Топот удаляющихся ног.

Громкий удар о пол и шелест целлофана.

— Твою мать!

— Холм прибьет!

Топот приближающихся ног.

— Парень, как ты?

Надо мной висит бородатое лицо мужчины лет сорока.

Я слабо улыбнулся. Больно дышать.

— Витек, да ему, кажись, совсем паскудно!

— Бляха-муха! Гарик, вызови скорую! И ментов!

— Не… Не… Не надо никого… — смог произнести я. Не хватало еще, чтобы меня повязали. Разбитые губы немеют, они еле шевелятся, будто я долгое время провел на морозе.

Мужчина запустил руку в густую бороду. От нервов он дергал ее короткими быстрыми движениями.

— Как же, ты себя со стороны-то видел?

— Д-думаю… Не стоит. Встать помогите, мужики, — немощно, хуже старика, промямлил я.

После тщетных попыток я понял, что самому мне это сделать не под силу. Башка кружится как после пары литров пива. А тошнит как после пары литров водки. И тяжело делать глубокие вдохи — покалывает. Хреново. Сотрясение, пара сломанных ребер, куча синяков. И это на первый взгляд! Зато живой. Смело можно утверждать, что состоялся довольно-таки выгодный обмен. Даже очень. При всех моих увечьях я легко отделался. И если бы не распахнутая олимпийка, вовремя прикрывшая пояс и задравшуюся футболку, возникли бы вопросы. Я застегнулся, чтобы скрыть опасный атрибут.

Подскочил высокий и лысый дядька — товарищ бородатого. Вдвоем они помогли мне встать.

— Съездили на футбол, блин…

— Эй, дружище, твой? Только ручки оборвались, — Гарик, если я не ошибся, протянул мне пакет. Отлично! Судя по весу, ствол там. — А, вон и мобила… Фига на ней крови! — присвистнул он. — Ха! Зато работает.

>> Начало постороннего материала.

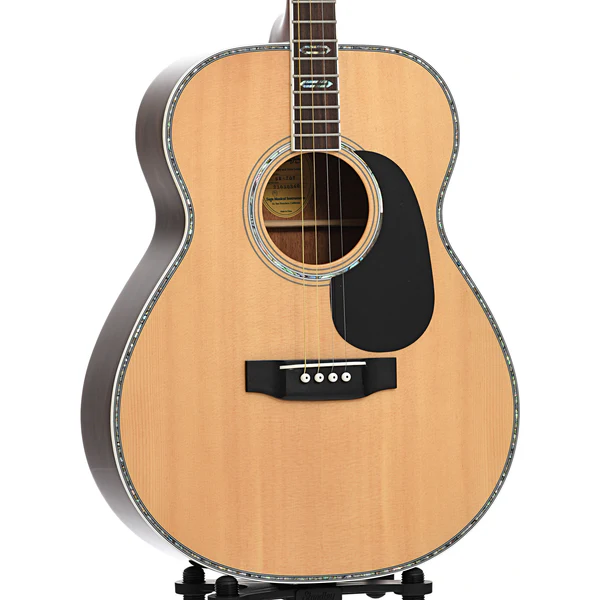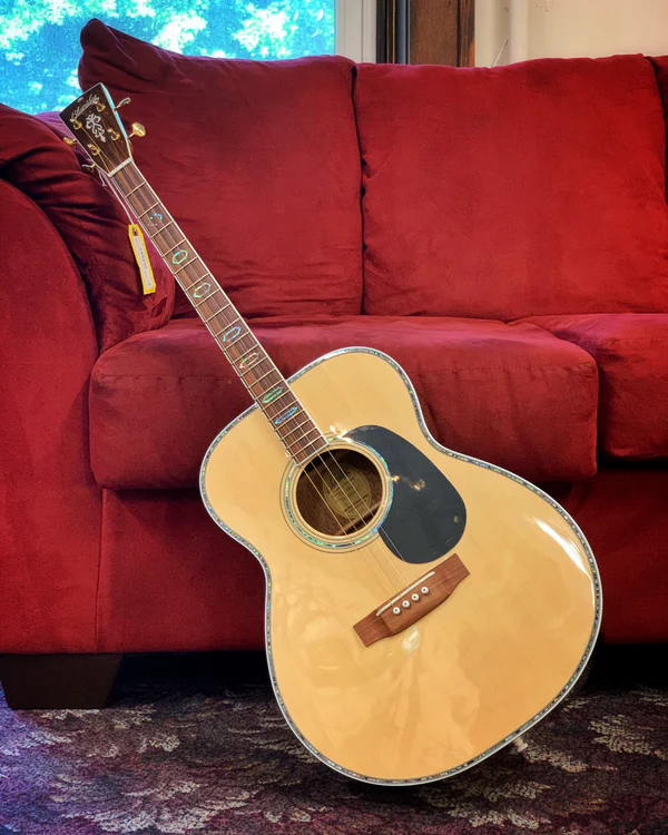 La tastiera in palissandro Santos è arricchita da intarsi esagonali in abalone, conferendo un tocco estetico raffinato. Le meccaniche Gotoh placcate in oro garantiscono un’accordatura precisa e stabile. Grazie al bracing tradizionale X-Bracing, questa chitarra è perfetta per chi cerca versatilità sonora e un feeling premium.
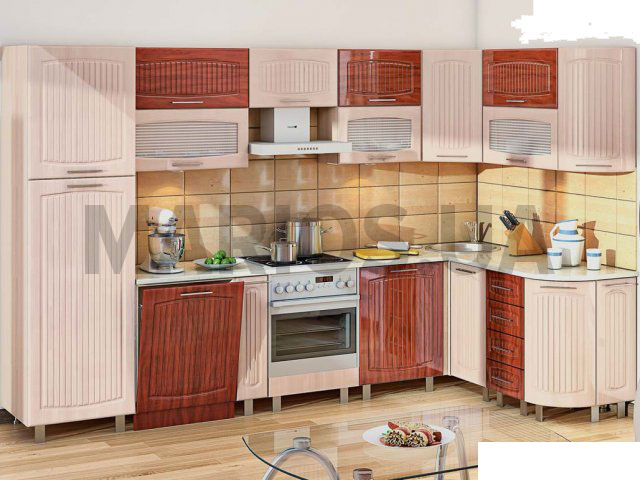 170.00см x 320.00см x 0.00см Характеристики кухонного гарнитура Материал корпуса МДФ, ПВХ Материал фасада МДФ, ПВХ Кухня-293 Сопрано 1,7х3,2 м удивительным образом сочетает в себе стильный дизайн и высочайший уровень качества составляющих материалов.

— Да уж… Первые телефоны создавались с учетом того времени, — криво усмехнулся я.

— И желающих покуситься на них, — поддержал меня Гарик.

— Привет девяностым, — заключил лысый.

— Ты далеко живешь? — это снова бородатый. Видать, он у них за «папу». — Пойдем, поймаем тебе машину.

Я тут же запротестовал:

— Не, мужики, спасибо. Мне идти-то пара минут. Не заблужусь.

Лысый сочувственно осмотрел меня.

— Мда… За что ж они тебя так?

Я устало махнул рукой:

— Да так… Не оценил их карнавальные костюмы… Гопота какая-то.

— Ху-ху, хороша же гопота — в масках шляться! — нервозно произнес бородатый. Он закурил и протянул мне пачку. — Будешь?

— Да, давай. — Все равно мои все смялись.

Сигарета пришлась как нельзя кстати. Стало легче и спокойнее.

Гарик, длинноволосый и тощий, куда моложе своих друзей, оценил количество красных капель на полу и уважительно произнес:

— А ты крепкий парень…

Он с одобрением покивал.

— Да-а-а, одному так отбуцкать троих это надо уметь! — вторил ему лысый. — Занимаешься чем?

Усмешка сама собой появилась на лице.

— Ага, — я выдохнул дым, — выживанием.

— Да уж… — собеседник сконфузился.

Бородатый засуетился:

— Ну что, скорая точно не нужна? Ничего не украли? Документы при себе?

— Да, все в порядке, — заключил я, охлопав карманы. — Спасибо вам, выручили.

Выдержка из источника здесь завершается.